The "disastrous showing" for Labour at the Pentwyn by-election in September 2003 (with a Liberal Democrat landslide victory) led to a local vote of 'no confidence' in Goodway by the Cardiff Central Labour Party, with a further vote of no confidence discussed by the county Labour Party in October. Following the Labour Party's loss of control of Cardiff Council at the May 2004 Local Elections, Goodway resigned as leader of the group, adding that Welsh First Minister Rhodri Morgan wanted Goodway to be beaten by his independent opponent.

Remaining an elected councillor for Ely, Goodway was subsequently elected CEO of the Cardiff Chamber of Commerce in late 2004. In late 2007/early 2008, the chamber financially collapsed spectacularly following at overpaid training grant from ELWa of £500,000, which could not be repaid thanks to interest payments totalling £500,000 and other debts of a further £1million. After all 35 staff were immediately made redundant, it was subsequently liquidated.

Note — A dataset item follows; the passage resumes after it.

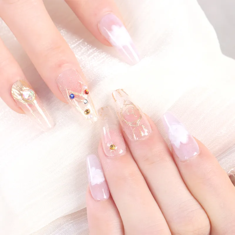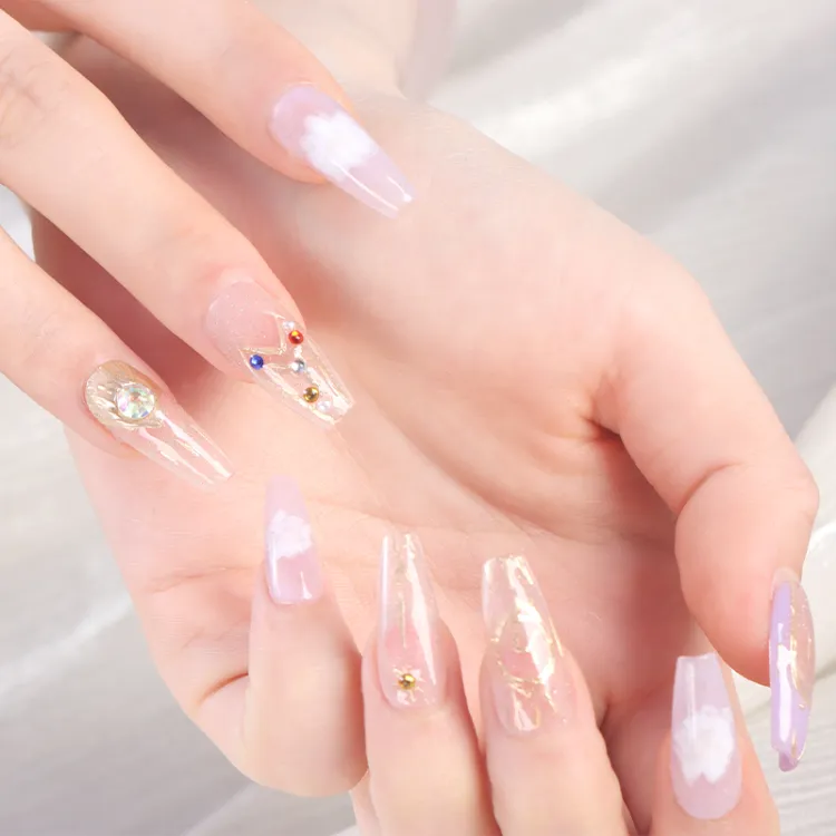 Song Biography Позолоченный Смешанный Градиент Фиолетовый Осветляющий Премиум Feel False Nail Средний ЛАДДЕР 25 мм

In 2008 Goodway subsequently insisted he would not seek the then vacant leadership of the Labour group on Cardiff Council.

In 2012, Labour regained control of Cardiff Council, under Heather Joyce' leadership. Goodway was appointed Cabinet Member for Economic Development and Finance in Joyce' cabinet. During his time in that role he led the council's negotiations with development firm Rightacres, which established the Central Square partnership. Following Joyce' resignation as Leader in March 2014, Goodway was not appointed to the new cabinet under Phil Bale's leadership. He has been cited by the BBC saying that " I have had to make some difficult decisions but I believe I have put forward a team that can contribute to drive forward economic development, improve standards of education and skills as well as focusing on citizen engagement, improving performance and delivering on the co-operative council agenda".

Following the May 2017 Welsh Local Government elections, Goodway was appointed Cabinet Member for Investment and Development.

He was appointed Officer of the Order of the British Empire (OBE) in the 2020 New Year Honours for services to local government.

He was criticised after stating on X that the scrutiny of the scandal that has engulfed the First Minister Vaughan Gething about his highly controversial £200,000 donation from a company with criminal convictions was racist.